> **Task to complete**: Skip any image you find and restate the rest of the data word for word.

> **Dataset extract**:

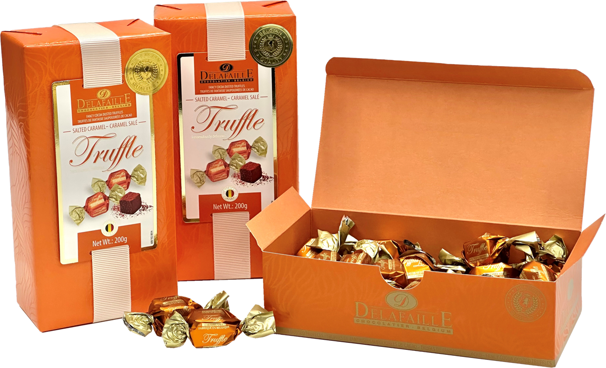 Belgiska tryfflar med smak av salt karamell inslagna i orange presentpapper.
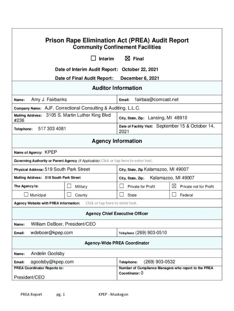Date of Final Audit Report:December 6, 2021Auditor Information
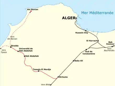 La ligne de Zéralda à Aïn Bénian, via Staoueli et Chéraga[9] aura une longueur de 15 km[11].
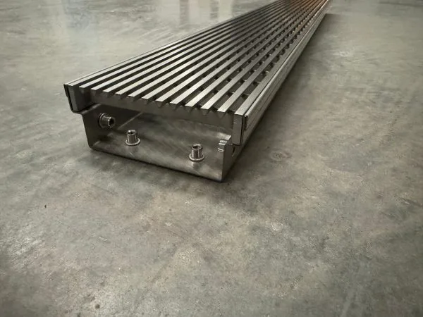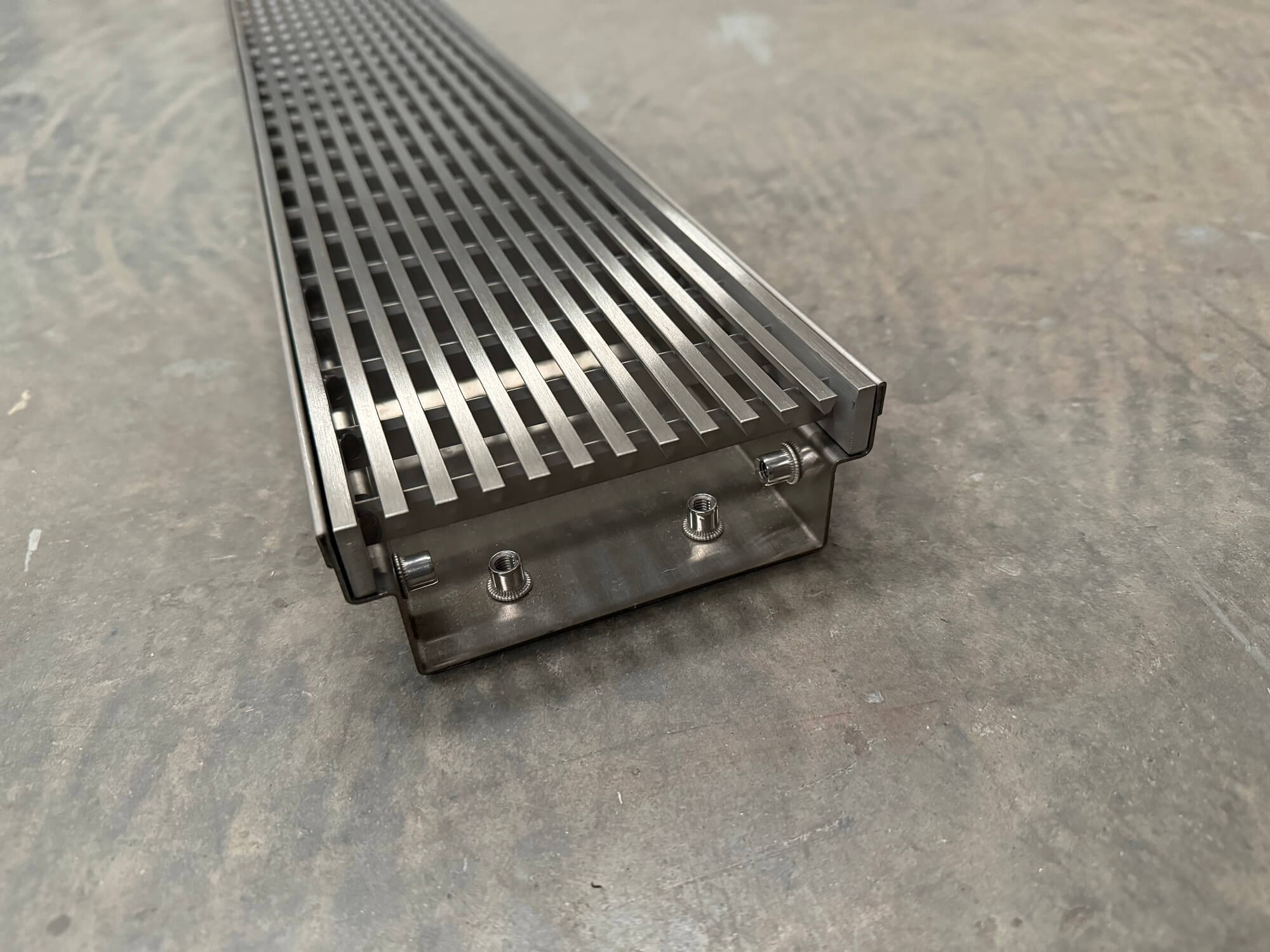 Sleek brushed stainless steel wedge wire grates provide a modern architectural look. Perfect architectural installation for premium landscape drainage or pool drainage

> **Written solution**:
 Belgiska tryfflar med smak av salt karamell inslagna i orange presentpapper.
Date of Final Audit Report:December 6, 2021Auditor Information
 La ligne de Zéralda à Aïn Bénian, via Staoueli et Chéraga[9] aura une longueur de 15 km[11].
 Sleek brushed stainless steel wedge wire grates provide a modern architectural look. Perfect architectural installation for premium landscape drainage or pool drainage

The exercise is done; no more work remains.